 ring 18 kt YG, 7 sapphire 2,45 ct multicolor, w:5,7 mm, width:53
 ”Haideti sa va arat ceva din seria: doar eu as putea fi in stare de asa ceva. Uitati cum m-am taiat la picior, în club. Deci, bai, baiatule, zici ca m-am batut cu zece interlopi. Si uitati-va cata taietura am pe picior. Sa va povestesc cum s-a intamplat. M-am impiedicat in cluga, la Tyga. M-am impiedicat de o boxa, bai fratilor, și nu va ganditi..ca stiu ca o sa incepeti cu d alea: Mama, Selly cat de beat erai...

--

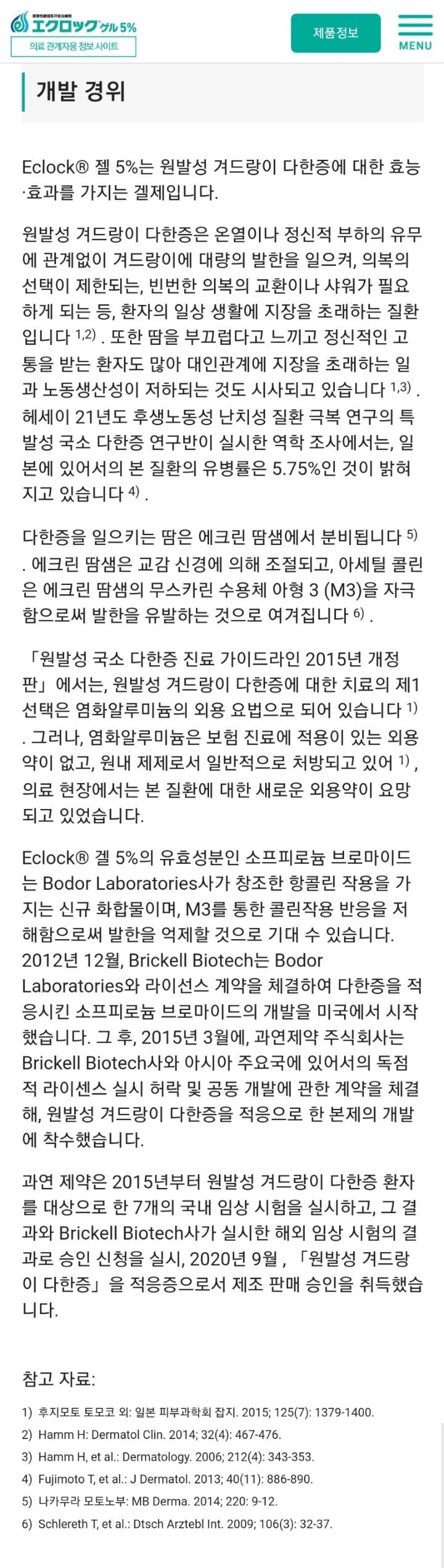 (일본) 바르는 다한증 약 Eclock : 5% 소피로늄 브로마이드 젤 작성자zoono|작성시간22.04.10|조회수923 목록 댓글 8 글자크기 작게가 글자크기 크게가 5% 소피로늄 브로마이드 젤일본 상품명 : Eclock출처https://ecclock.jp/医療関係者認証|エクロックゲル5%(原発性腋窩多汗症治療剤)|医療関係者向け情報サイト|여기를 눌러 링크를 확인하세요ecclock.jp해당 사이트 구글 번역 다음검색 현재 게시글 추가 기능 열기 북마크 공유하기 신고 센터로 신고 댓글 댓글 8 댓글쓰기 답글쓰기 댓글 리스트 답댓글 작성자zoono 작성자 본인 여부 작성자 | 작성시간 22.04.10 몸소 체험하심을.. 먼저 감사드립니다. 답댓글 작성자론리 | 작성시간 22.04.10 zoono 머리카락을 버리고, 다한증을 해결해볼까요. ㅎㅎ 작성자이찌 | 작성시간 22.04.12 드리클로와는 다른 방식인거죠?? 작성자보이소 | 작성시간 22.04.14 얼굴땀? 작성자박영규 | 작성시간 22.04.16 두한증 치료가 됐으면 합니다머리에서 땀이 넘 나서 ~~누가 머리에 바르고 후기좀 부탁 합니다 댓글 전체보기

- WHAT IS BEING ASKED
Extract the lines of the preceding material that run from the line with "ring 18 kt YG, 7" through the line with "de beat erai...", inclusive, reproducing them exactly and adding nothing.

- TASK OUTPUT
 ring 18 kt YG, 7 sapphire 2,45 ct multicolor, w:5,7 mm, width:53
 ”Haideti sa va arat ceva din seria: doar eu as putea fi in stare de asa ceva. Uitati cum m-am taiat la picior, în club. Deci, bai, baiatule, zici ca m-am batut cu zece interlopi. Si uitati-va cata taietura am pe picior. Sa va povestesc cum s-a intamplat. M-am impiedicat in cluga, la Tyga. M-am impiedicat de o boxa, bai fratilor, și nu va ganditi..ca stiu ca o sa incepeti cu d alea: Mama, Selly cat de beat erai...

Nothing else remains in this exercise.